Facebook has tremendous capabilities to blast a message out inocuously. You just have to find avenue's that aren't normal to make it past the "point of no return".


----------



## bootlegger (Apr 22, 2008)

I found the $250 in credits by searching google for:

Free Facebook Ad Credits.

The first big one is a Visa Business Network Group, you have to join the group, state your business name, and then they send you an email with the credit code. As of 5 months from doing this I haven't received any spam or any unwanted contact from Visa.

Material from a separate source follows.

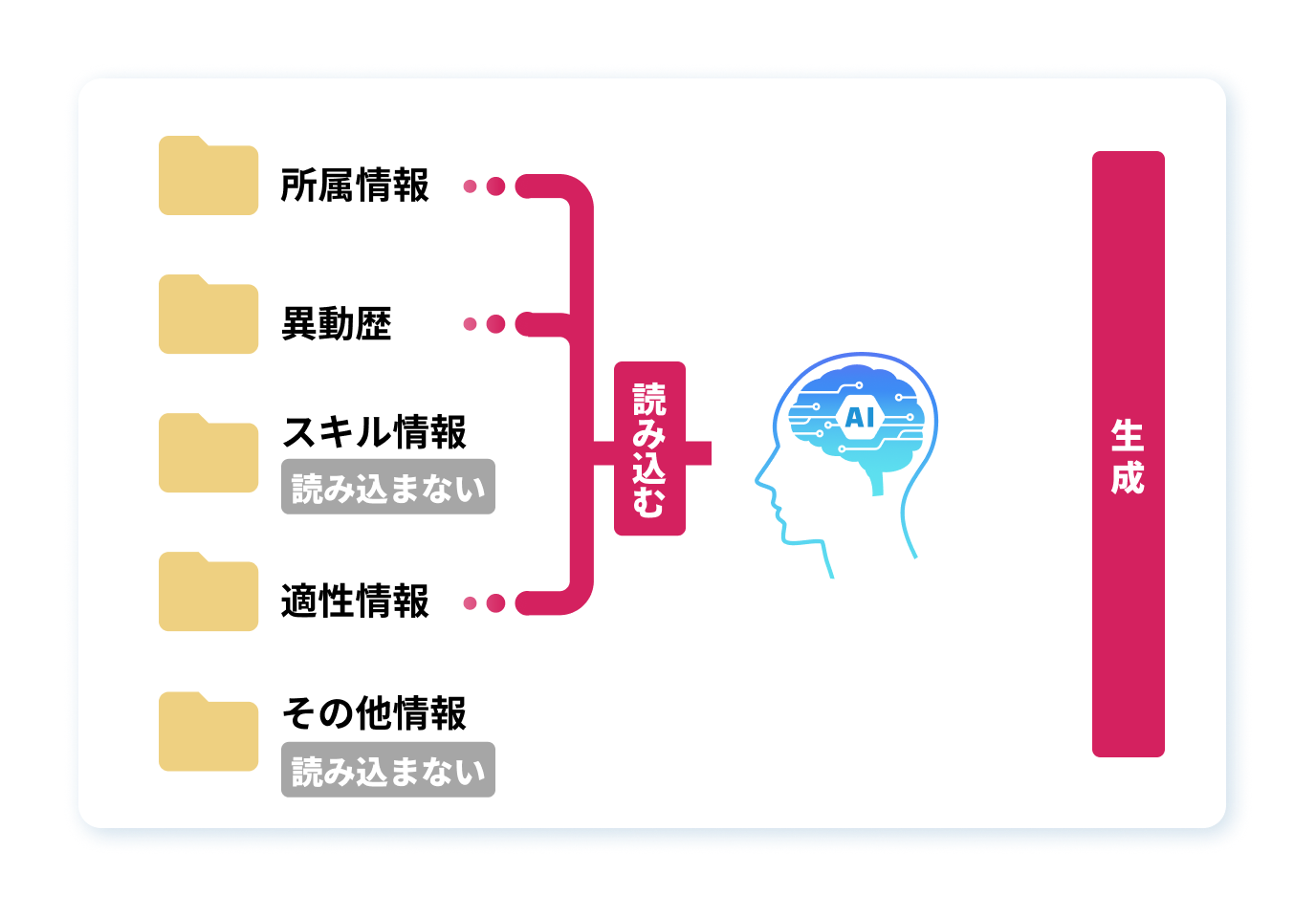 管理者は、異動歴やスキル情報など、紹介文の生成に利用するデータ項目を自由に選択し制御できます。必要な情報だけを効果的に開示する設定が可能です。

The others I picked up in small 20 - 50 dollar pieces. There were over a hundred sites I dug through, but only found the ones that worked on the top 10 pages from google. All the rest were out dated or used up.

You may find 250, you may find more or less. If you find one that works.. drop it here. I'm sure everyone wouldn't mind the ability.


----------



## saleha86 (Mar 8, 2009)

I agree with you Bootlegger


----------



## Dangerstache (Mar 9, 2009)

I have used Facebook advertising for about a week now and have already generated 10 sales. I used the free $100 coupon you get when joing the visa business group on facebook, made up a quick ad and picked the different areas I wanted to throw the ad in.
i chose the pay-per-click method and ran them at what I thought would be peak times in the specific areas. 
I don't know that I would pay for the advertising at this point, but if I start getting more like 50 sales a week, then it would make sense.


----------